Structural capillary density analysis

To analyze the cerebral microvascular network, we used the AngioTool program (available in the public domain at https://ccrod.cancer.gov/confluence/display/ROB2/Downloads), a validated source for measuring vascular networks. We calculated the total length of IB4-labeled brain capillaries, which represented the brain capillary density. Lacunarity describes the distribution of spaces between vessels.

Analysis of microglial activation

To quantify morphological changes in Ionized calcium‑binding adaptor molecule 1 (Iba-1+) cells, consecutive Z-stack images were converted to a maximum intensity projection image by ImageJ software (NIH Bethesda, MD, USA).

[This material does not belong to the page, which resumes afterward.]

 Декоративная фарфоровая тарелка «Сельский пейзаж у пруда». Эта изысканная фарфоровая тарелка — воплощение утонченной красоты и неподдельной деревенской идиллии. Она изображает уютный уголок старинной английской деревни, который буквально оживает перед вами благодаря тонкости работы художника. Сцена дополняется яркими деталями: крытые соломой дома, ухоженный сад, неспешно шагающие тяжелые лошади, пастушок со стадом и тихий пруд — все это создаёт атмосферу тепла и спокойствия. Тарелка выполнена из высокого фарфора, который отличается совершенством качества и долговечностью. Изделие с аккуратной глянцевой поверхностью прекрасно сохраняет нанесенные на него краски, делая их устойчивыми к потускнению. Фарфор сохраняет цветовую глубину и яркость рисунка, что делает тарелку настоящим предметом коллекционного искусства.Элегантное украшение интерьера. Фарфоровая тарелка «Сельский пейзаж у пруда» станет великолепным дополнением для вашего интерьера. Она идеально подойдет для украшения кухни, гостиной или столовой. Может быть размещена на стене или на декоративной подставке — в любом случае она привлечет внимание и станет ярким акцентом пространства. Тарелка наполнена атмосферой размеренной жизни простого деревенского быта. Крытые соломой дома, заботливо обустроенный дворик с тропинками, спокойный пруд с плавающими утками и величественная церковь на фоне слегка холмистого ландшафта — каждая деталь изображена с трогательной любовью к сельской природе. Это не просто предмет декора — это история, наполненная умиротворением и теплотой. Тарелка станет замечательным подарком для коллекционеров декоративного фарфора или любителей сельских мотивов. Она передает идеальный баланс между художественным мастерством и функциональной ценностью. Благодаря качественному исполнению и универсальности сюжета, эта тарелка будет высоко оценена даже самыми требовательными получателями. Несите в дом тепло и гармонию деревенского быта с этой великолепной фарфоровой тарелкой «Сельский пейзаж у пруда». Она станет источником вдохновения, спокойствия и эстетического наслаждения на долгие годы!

Using the Sholl analysis plugin, concentric circles were created centered on the soma, beginning at 4 μm radii and increasing by 2 μm with every circle. We determined the number of intersections made by microglial branching processes with each successive increasing circle, the maximum number of intersections for the cell (Nm), the critical value at which Nm occurred, and the maximum length at which a branch intersection was observed. We used the image tool “Sholl analysis” from the ImageJ Program to analyze microglial morphology. It was possible to analyze the number of processes of each microglia separately through concentric and consecutive circles every 2 µm around the cell and to compute the number of intersections of microglial processes with each circle, representing the degree of branching of the cell. The less branched the cell was, the more activated the cell was. At least 30 microglia per field were analyzed in 3 sections/4 slides per animal.

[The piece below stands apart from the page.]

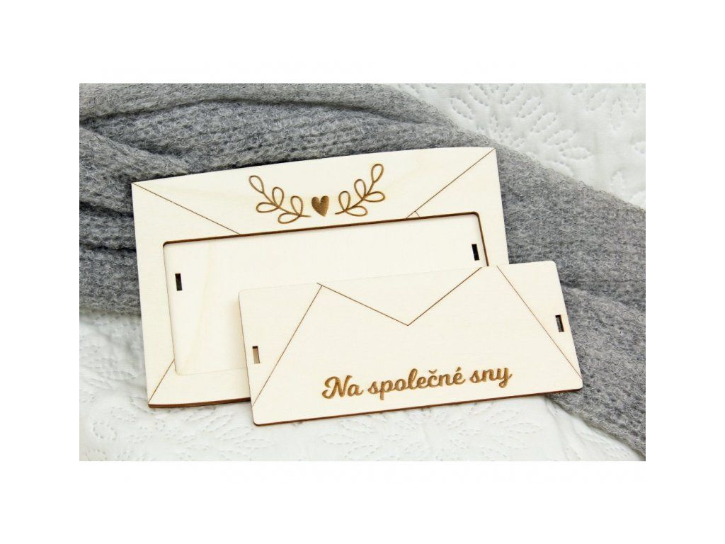 Luxusní "obálka" pro novomanžele nebo oslavence umožňuje darovat peníze originální cestou. Bankovky se umístí pod středový odnímatelný kryt, který se pak zaváže stužkou.

Analysis of vessel coverage by astrocytes

The degree of colocalization between the astrocyte marker GFAP and the blood vessel marker IB4 was analyzed using the ImageJ program. The tool "colocalization", which uses Mander's M1 coefficients, was used. These coefficients indicate the percentage of pixels in the green channel (GFAP+) intersecting with a red channel signal (IB4). In other words, the M1 coefficients show the fraction of intensity in each channel that coincides with some intensity in the other channel.

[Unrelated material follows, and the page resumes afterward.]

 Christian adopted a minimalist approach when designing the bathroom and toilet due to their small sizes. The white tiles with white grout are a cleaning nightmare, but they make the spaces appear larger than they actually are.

Cognition testsFear conditioning memory test

Mice were placed into a specific chamber individually. After 3 min of habituation, mice were subjected to an electric foot shock (0.75 mA, 3 s) simultaneously to a tone (2.5 kHz, 85 dB, 3 s) and returned to their home cages. The next day, mice were placed in the same chamber for 3 min, and the tone was applied without a foot-shock. A digital video camera recorded the behavior of the mice and was manually analyzed. Continuous immobility for 1 s was defined as freezing behavior, and the total freezing time (i.e., length of immobility) was measured. Throughout the experiment and analysis of results, the group of animals was not revealed to the researcher. The procedures followed the described by Zhang et al. [18] and Granja et al. [19].

Light/dark box test

The light/dark box test reliably predicts anxiolytic and anxiogenic-like effects in rodents and offers quick, easy performance without prior animal training or food/water deprivation. Transitions in this test indicate activity and exploration, while the time spent in each compartment reflects aversion (light) and attraction (dark). The apparatus consists of a wooden box (48 cm × 24 cm × 27 cm) divided into two compartments by a barrier with a doorway (10 cm × 10 cm). One compartment is black and covered, while the other is white and illuminated by a 60-W light bulb positioned 40 cm above the box. The test procedure involves transporting the mice to a darkened room, allowing them to acclimate in their home cages for 2 h, then placing them in the lit compartment to explore freely for 5 min. We recorded the time spent in the lit compartment, the number of entries into the lit compartment, and the latency to enter the dark compartment [20]. Throughout the experiment and analysis, the group of animals remained blinded to the researcher.